The title of the book I read last Sunday – going through the 260 pages long paperback took me a bit more than two hours. Reading a book from cover to cover is usually doable when it grabs your attention and you can submerge yourself in the content. This one, written by Joanna Szczepkowska (the Polish actress famous for announcing the end of the communism in Poland) is an outline of her memories of living in People’s Poland.
With some conflicting feelings about the content, I hail the book as readable, gripping and all in all rather well-balanced. At the beginning my approach to the work was rather negative. The first years of Szczepkowska’s life were presented in rather one-sided and selective way. Picture was kind of gloomy – Labour Day parades, the rally in front of the Palace of Culture after Gomułka took over power, moral dilemmas and bickering over the system between her parents. Here the balance is already struck – mother is shown as a hard-line anti-communist figure, father does not support the system but tries to get by in it, hammering out as much freedom as possible without incensing the party dignitaries. Actress’ adolescent years are described as a series of events depicting the evil of communism – forbidden religion classes, children telling on one another, cracking sounds of drowned out Radio Wolna Europa, schoolmate proud of her father taking part in military intervention in Czechoslovakia, events from March 1968, one history taught officially, another passed on at home. The facts to describe were chosen rather selectively, but along the timeline world from black and white takes on the variety of all the shades of grey.
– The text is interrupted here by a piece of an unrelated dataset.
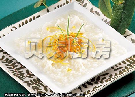 3、在大米中加入适量水(约4碗,1000ml)煮成白米粥,烧滚后依次放入鲈鱼片、橙皮丝和糖桂花,再调入盐、白胡椒粉搅拌均匀即可。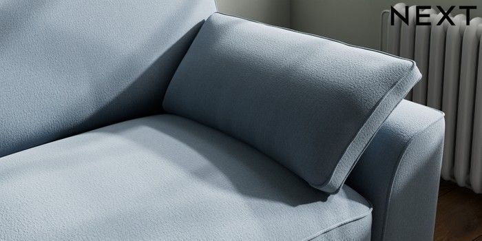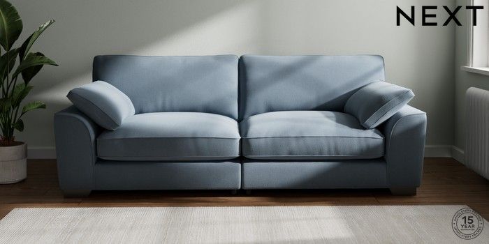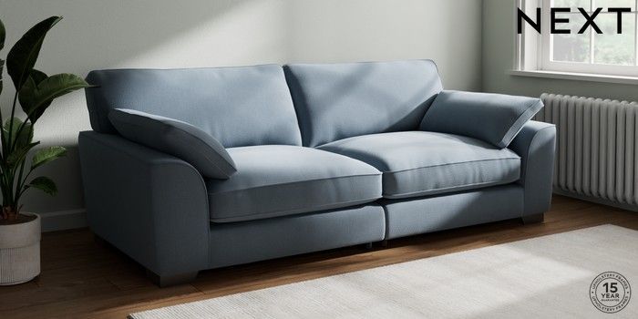 7.3.1 Buy Stamford Grand Relaxed Sit 4 Seater Sofa Relaxed Linen Look Mid Blue Large Square Angle - Gunmetal from the Next UK online shop Click here to use our accessible website

In 1969 an insurgent who fought in Warsaw Uprising pays visit to her parents. His story bears testimony of the big bravery, but as he leaves the flat young Szczepkowska challenges him by telling him what she had heard at school – that the Uprising had been a mistake. He admits, but signifies he’s afraid to said it aloud as everyone who says so is thought to be an Ubek.
In the early seventies actress-to-be flies to France for a theatre festival – here’s where a reader sees what the socialism was – not only lack of free speech, omnipresent lies, political prisoners, etc, but also backwardness. Students from France in colourful outfits making laugh at the poor student from behind the Iron Curtain.
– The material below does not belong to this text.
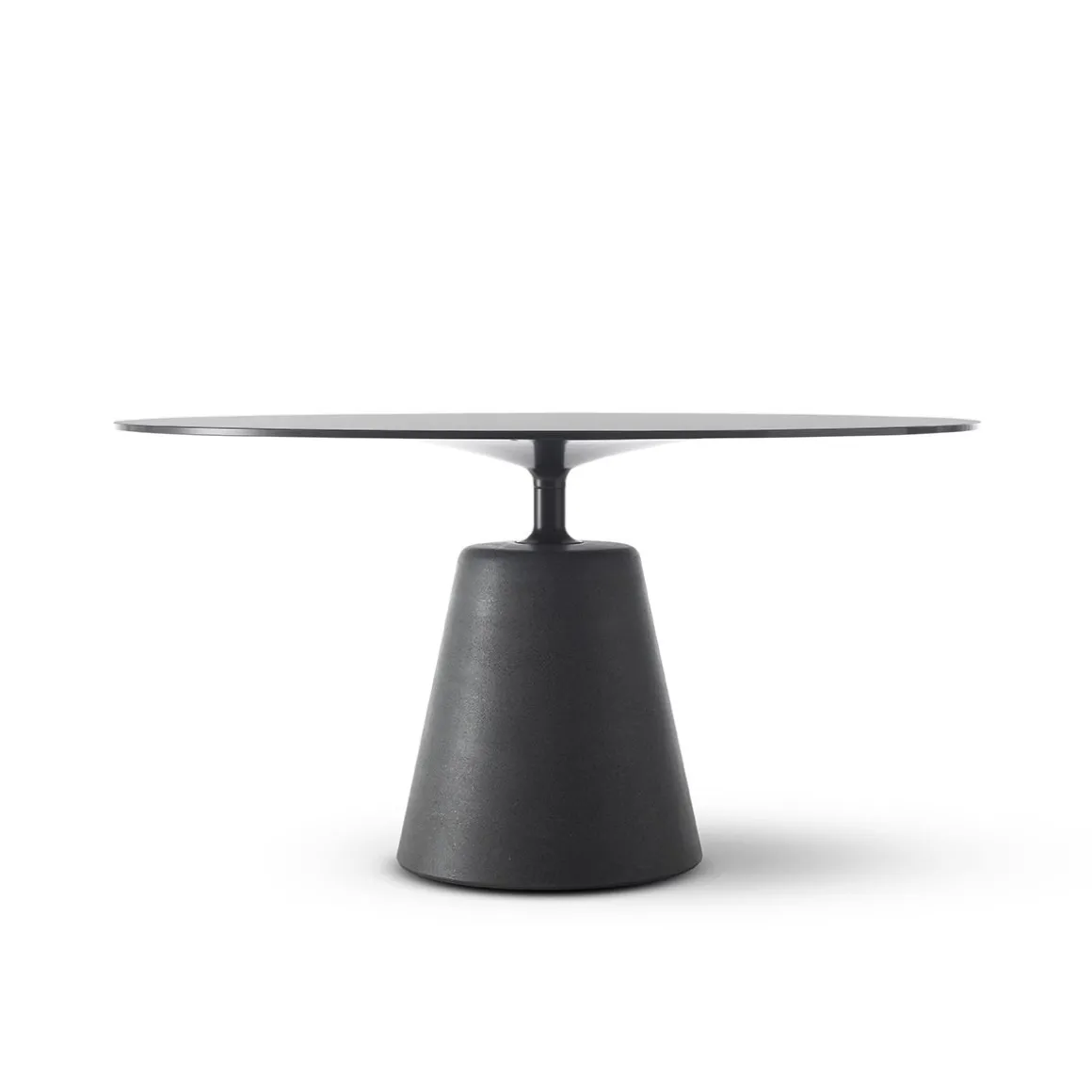 La base est réalisée en béton UHPFRC (bétons-fibrés-renforcés-ultra-performants), aux caractéristiques technico-structurelles élevées. La coloration en masse est une caractéristique fondamentale des éléments. La finition et la coloration de la base ont lieu à travers un mélange magistrale de sables et d’éléments naturels. Le mélange de ce matériau particulier et le processus de maturation en relation avec les changements climatiques peuvent entraîner des irrégularités visuelles du design et de la couleur. Les nuances, la non-uniformité de la surface et de la couleur doivent être considérées comme des caractéristiques de qualité et d’unicité. Le dessin particulier de la jonction entre la base et le tube de la table crée un détail technico-esthétique agréable et élégant. Les composants, le tube de jonction et la flasque sous le plateau, sont réalisés en aluminium et peints à la poudre dans le coloris gris graphite mat.

Further comes the delineation of struggling the system, making concessions, fighting for the rights of people, joy with the foundation of Solidarity movement, later on the shock of Martial Law and the subsequent years of gloom. The chapter of 1983 is followed by the one of 1988 – an annoying gap for me. In the last passages the system is already falling apart, the Solidarity elites are divided into the one in favour of carrying on clandestine activity and blowing the system up and the one who incline towards talks with the ruling party. Szczepkowska is for give and take, Szczepkowska does not try to model herself on a person with a anti-communist biography – she was only flesh and blood, she had the moments of weakness.
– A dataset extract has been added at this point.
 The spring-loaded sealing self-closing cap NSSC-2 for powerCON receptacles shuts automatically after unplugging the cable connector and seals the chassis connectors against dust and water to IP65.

The very last part is a detailed description of the recording of Dziennik telewizyjny, when she uttered the famous sentence “Ladies and gentlemen, on 4th June, 1989, the communism in Poland came to an end". As I watched the very short fragment of it, I could resist the impression of unnaturalness and theatrical gesture made by the actress – my right, but the fact it was not broadcast live and was not edited out by the censors symbolised the ultimate decay of the socialism – although the party still kept public broadcaster in a grip, the days of communists in power were numbered.